Actionable comments posted: 0

🧹 Nitpick comments (2)

.cargo-husky/hooks/pre-push (1)

1-4: Verify cargo-nextest installation is documented for contributors.

The pre-push hook assumes cargo-nextest is installed. If a contributor doesn't have it, their push will fail with an unclear error. Consider adding a check or documenting the requirement in your contributing guidelines.

Optionally, add user feedback to clarify what's running:

 #!/bin/sh
 set -e
 
+echo "Running tests with cargo nextest..."
 cargo nextest run

.cargo-husky/hooks/pre-commit (1)

1-5: Strict pre-commit checks enforce code quality.

The hook correctly runs formatting checks and linting before commits. The --check flag on cargo fmt will fail commits with formatting issues (not auto-fix), and -D warnings treats all clippy warnings as errors, maintaining high code quality standards.

Optionally, add user feedback to clarify what's running:

 #!/bin/sh
 set -e
 
+echo "Checking code formatting..."
 cargo fmt -- --check
+echo "Running clippy..."
 cargo clippy -- -D warnings

📜 Review details

Configuration used: CodeRabbit UI

Review profile: CHILL

Plan: Pro

📥 Commits

Reviewing files that changed from the base of the PR and between d5e2059 and b0db4d4.

📒 Files selected for processing (5)

• .cargo-husky/hooks/pre-commit (1 hunks)
• .cargo-husky/hooks/pre-push (1 hunks)
• CHANGELOG.md (1 hunks)
• Cargo.toml (2 hunks)
• tests/version_tests.rs (1 hunks)

✅ Files skipped from review due to trivial changes (1)

• CHANGELOG.md

🚧 Files skipped from review as they are similar to previous changes (1)

• tests/version_tests.rs

⏰ Context from checks skipped due to timeout of 90000ms. You can increase the timeout in your CodeRabbit configuration to a maximum of 15 minutes (900000ms). (3)

• GitHub Check: test (windows-latest)
• GitHub Check: test (macos-latest)
• GitHub Check: test (ubuntu-latest)

🔇 Additional comments (5)

Cargo.toml (5)

3-3: Appropriate version bump for new Windows support.

The minor version increment from 0.5.0 to 0.6.0 correctly reflects the addition of new platform support and features.

---

27-31: Windows dependencies updated as recommended.

The windows-sys version has been updated to 0.61.2 as suggested in the previous review, addressing the outdated version concern. The platform-specific dependency scoping is correct.

---

24-24: The nix crate version 0.30.1 is valid and poses no known security concerns.

Verification confirms that version 0.30.1 of the nix crate exists on crates.io (published May 4, 2025), is not yanked, and has no known security advisories. The version is the latest in the 0.30.x series, and the crate repository is actively maintained.

---

40-40: Verified: cargo-husky version 1.x is available with the "user-hooks" feature.

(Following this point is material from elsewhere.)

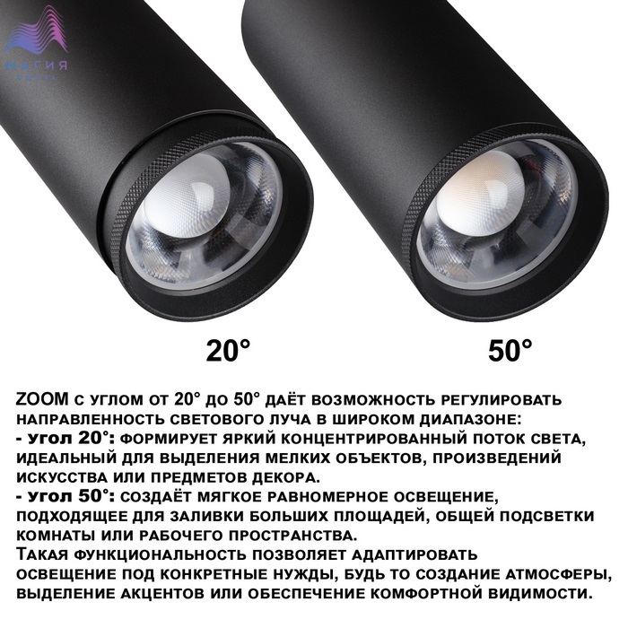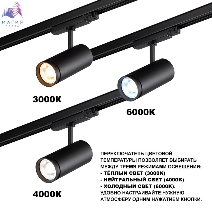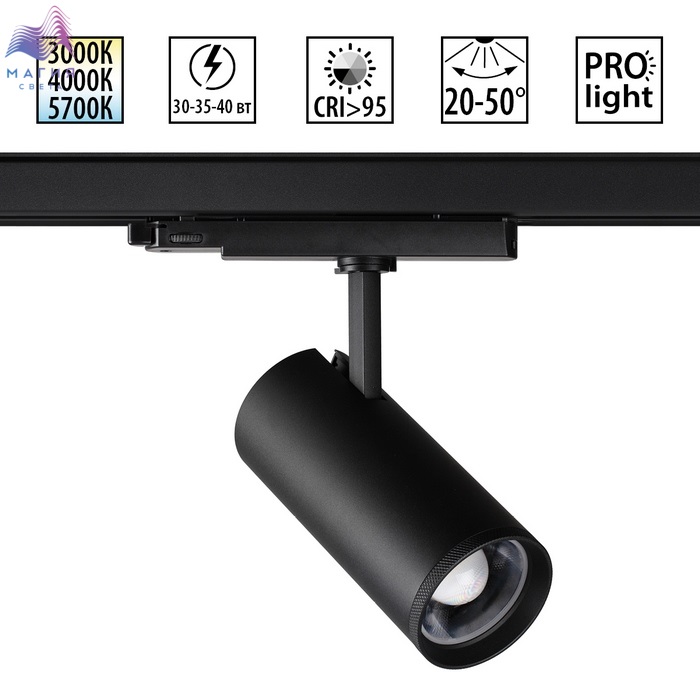 Трековый трехфазный LED-светильник Novotech NAIL. Уникальная система настроек включает смену цветовой температуры (от теплого 3000К, нейтрального 4000К до холодного белого 6000К), регулирование интенсивности света (30 Вт, 35 Вт или 40 Вт) и изменение угла рассеивания (от четких акцентирующих лучей 20° до равномерно распределенных потоков света 50°).
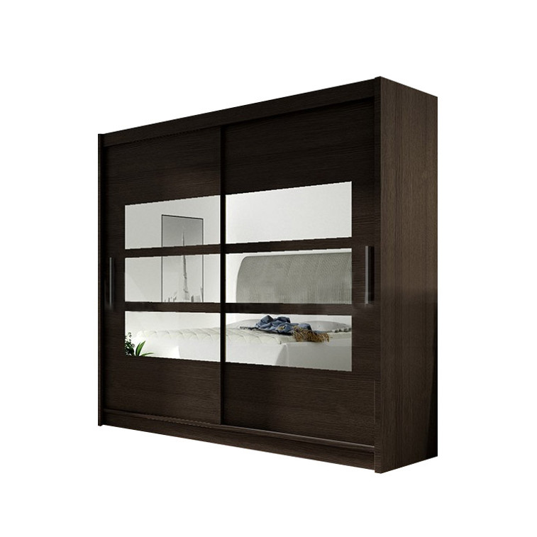 Šatníková skriňa systému Bega III, posuvné dvere a v prostriedku praktické veľké zrkadlo. Ideálna pre spálňu či chodbu.

The latest 1.x version is 1.5.0 (stable, not yanked), which explicitly supports the user-hooks feature. The configuration correctly disables default features to selectively enable only user-hooks, making it appropriate for custom git hooks in a dev-dependency.

---

21-21: Dependency verified: interprocess v2.2 is secure and valid.

The interprocess crate version 2.2 exists (resolves to 2.2.3, released March 2025) with no known security advisories in the RustSec database. The tokio feature is properly defined in the crate and compatible with the specified version. No issues identified.